John Simm, Rupert Graves and Maggie Steed join Pinter at the Pinter cast

Jamie Lloyd’s season presents all 20 of Harold Pinter’s one-act plays

Maggie Steed, Rupert Graves and John Simm
Maggie Steed, Rupert Graves and John Simm
© Dan Wooller for WhatsOnStage

Further casting has been announced for Jamie Lloyd's Pinter at the Pinter season, which sees all 20 of Harold Pinter's one-act plays performed and kicks off in September. Buy tickets for the season here.

The first set of plays is One for the Road, Mountain Language and The New World Order, directed by Jamie Lloyd, and Ashes to Ashes directed by Lia Williams. Running from 6 September to 20 October the cast will include Paapa Essiedu (Hamlet) and Maggie Steed (Chewing Gum). They play in rep with The Lover and The Collection featuring the previously announced David Suchet and John Macmillan.

Joining Tamsin Greig in Landscape and A Kind of Alaska (25 October to 8 December), will be Keith Allen (Kingsman: The Golden Circle), whilst Rupert Graves (Sherlock) joins Jane Horrocks, Emma Naomi and Nicholas Woodeson in The Room, Victoria Station and Family Voices (13 December to 26 January), directed by Patrick Marber.

John Simm and Gary Kemp join the cast of Party Time and Celebration which run from 20 December to 26 January. Directed by Lloyd, the cast also features Phil Davis, Celia Imrie, Tracy-Ann Oberman and Abraham Popoola.

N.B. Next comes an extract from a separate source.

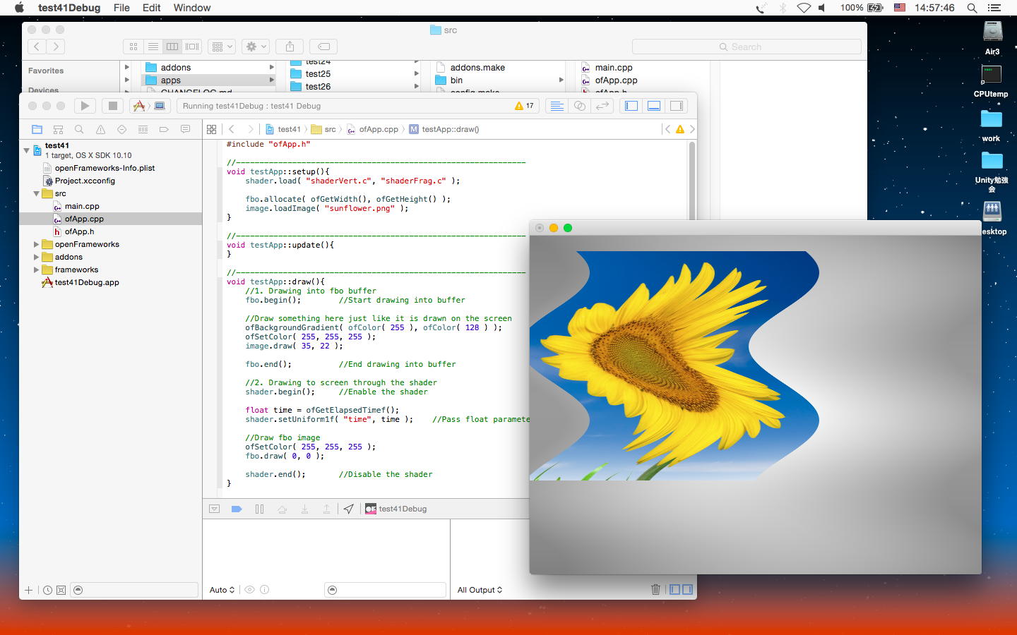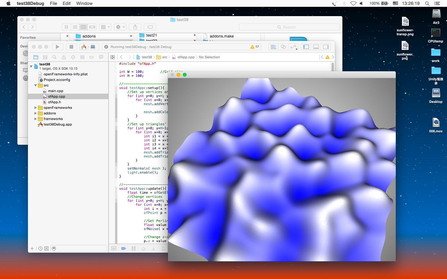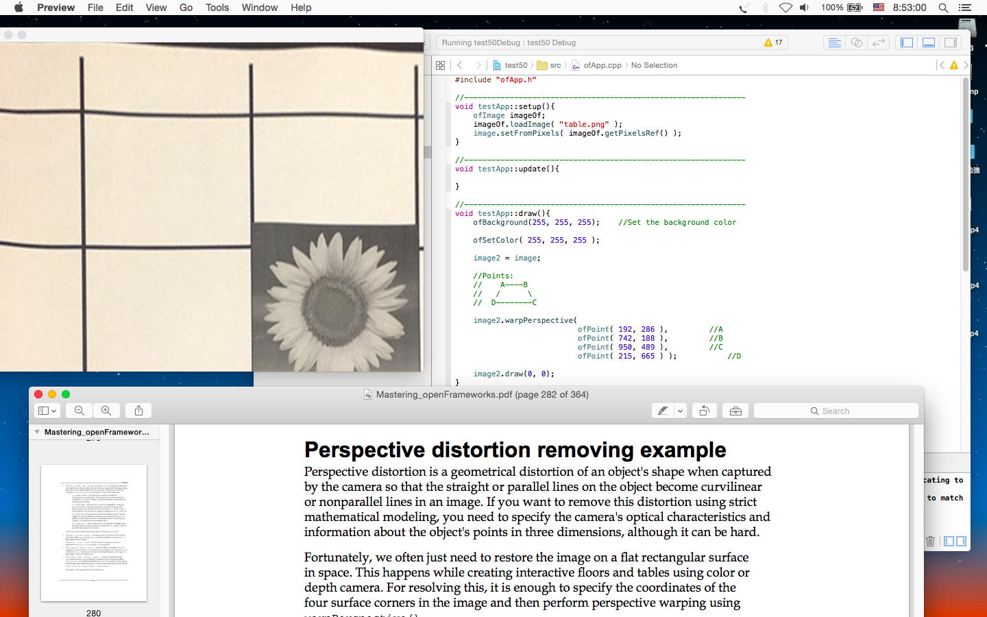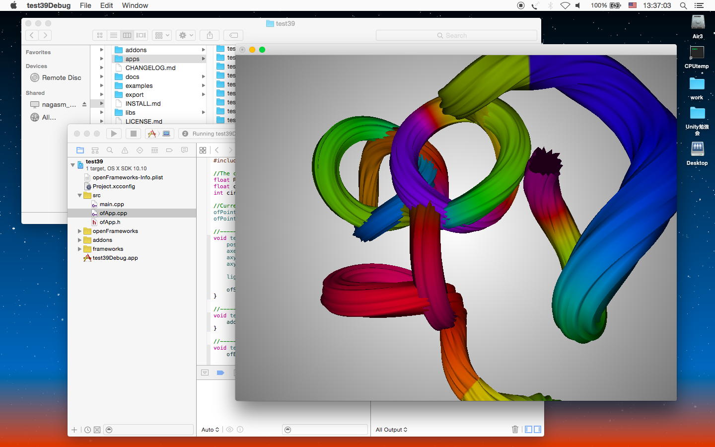 とりあえずこれまでの方法で実験用のプロジェクトを作って、サンプルにあるように「src」ディレクトリの横並びで「data」ディレクトリを置いて中身をコピーしてみたところ、上の右のように、エラーメッセージとともに何も出なかった。 そこであれこれ試行錯誤して、以下のように出てきたのは、「data」ディレクトリを「bin」ディレクトリの直下に置く、というものだった。 このあたり、Denisの本が出た2013年から、openFrameworksもXcodeもバージョンが進展するなかで生まれた不整合だろう。

Lloyd will also direct a charity gala of Pinter's sketches, monologues and poems to celebrate Harold Pinter's birthday on 10 October, with all-star casting to be announced.

Also announced today, continuing their commitment to developing a new, more diverse West End audience, The Jamie Lloyd Company is offering 25,000 tickets across the season for £15 for people aged under 30, key workers and those receiving job seekers allowance.

Essiedu said: "25,000 good seats for £15 will provide meaningful access to Pinter's work for new theatregoers who may never have experienced the power of his work before. I feel certain that Pinter, the working-class boy from Hackney, would have approved."